Shall I use compute modules ? Does it work with Agents ?
Shall I use a Data Connection plugin or method ? Can it stream from this endpoint ? Does it work with Agents ?
Shall I use a local script on/near the Agents, but which endpoint will it need to push data to ? It will need to be a custom script that fetch data from the API + Push data to Foundry ?

Larger use-case: I want Foundry to ingest this data as a stream, process it, and then hit an endpoint back on the original system if an action needs to be taken, all of this in a few seconds or so.
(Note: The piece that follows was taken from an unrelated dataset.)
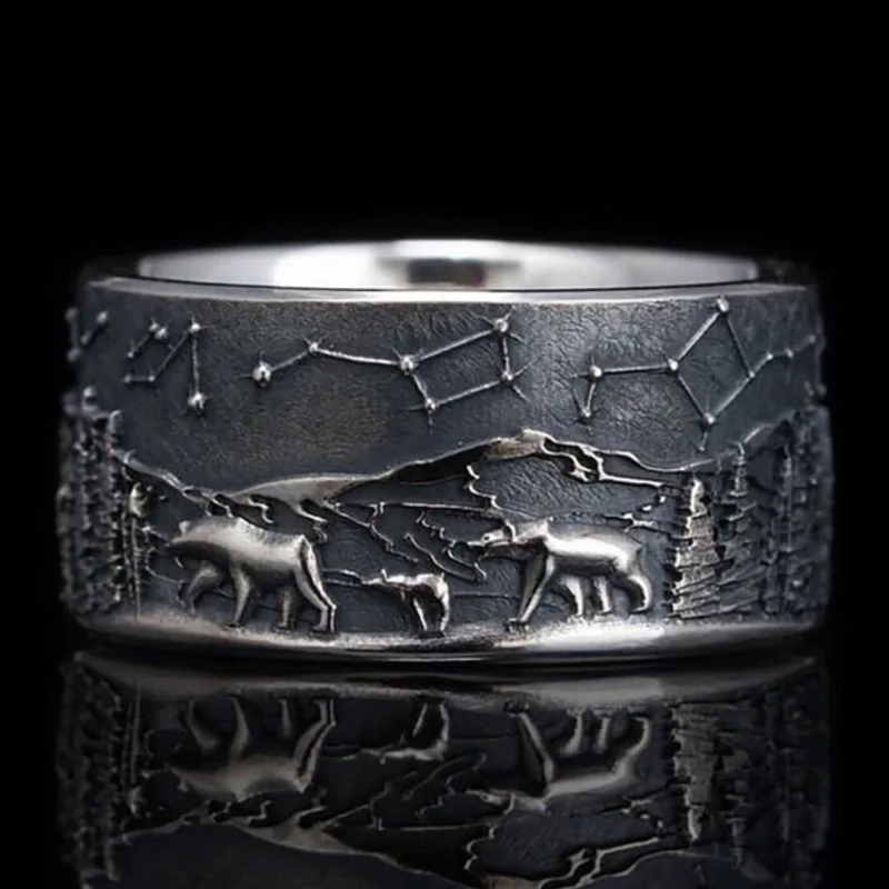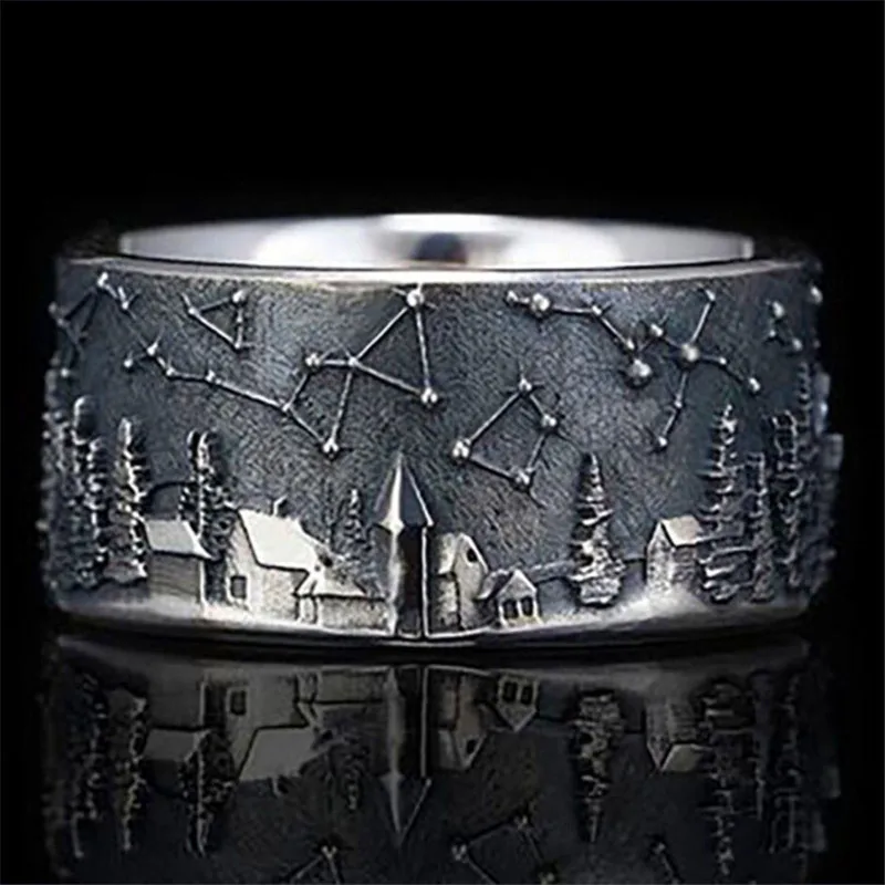 Креативные кольца 12 созвездий, Звездный замок в лесу, дом волка, дерево, для женщин и мужчин, ретро, модные украшения для вечеринок

evictor · October 10, 2024, 6:07am

I think that external transforms polling the API would be an option, but I think that there are better options, because I believe that there are time limits on runs. It would need to be on a schedule that keeps it alive. Here’s what I would do instead:

Create a stream in Foundry by navigating to a folder, then clicking New → Stream. Setup the schema that you want, select your throughput (probably normal if it’s just a single place polling it), set up the PK column, then go to the “Push” tab. In the push tab, select the language your dashboard service is using, and it’ll auto-generate you some code. For example, with python, it’ll give you a code example which uses requests to hit an endpoint for this stream, and POST some data into it. You can create objects on this stream which will auto-refresh, and base workshops on it.
Write a separate service which does the above, but is a go-between the API and Foundry.

Option one requires you to be able to modify the service running the dashboard. Option 2 requires a separate service which will hit that API and then feed its responses on to Foundry.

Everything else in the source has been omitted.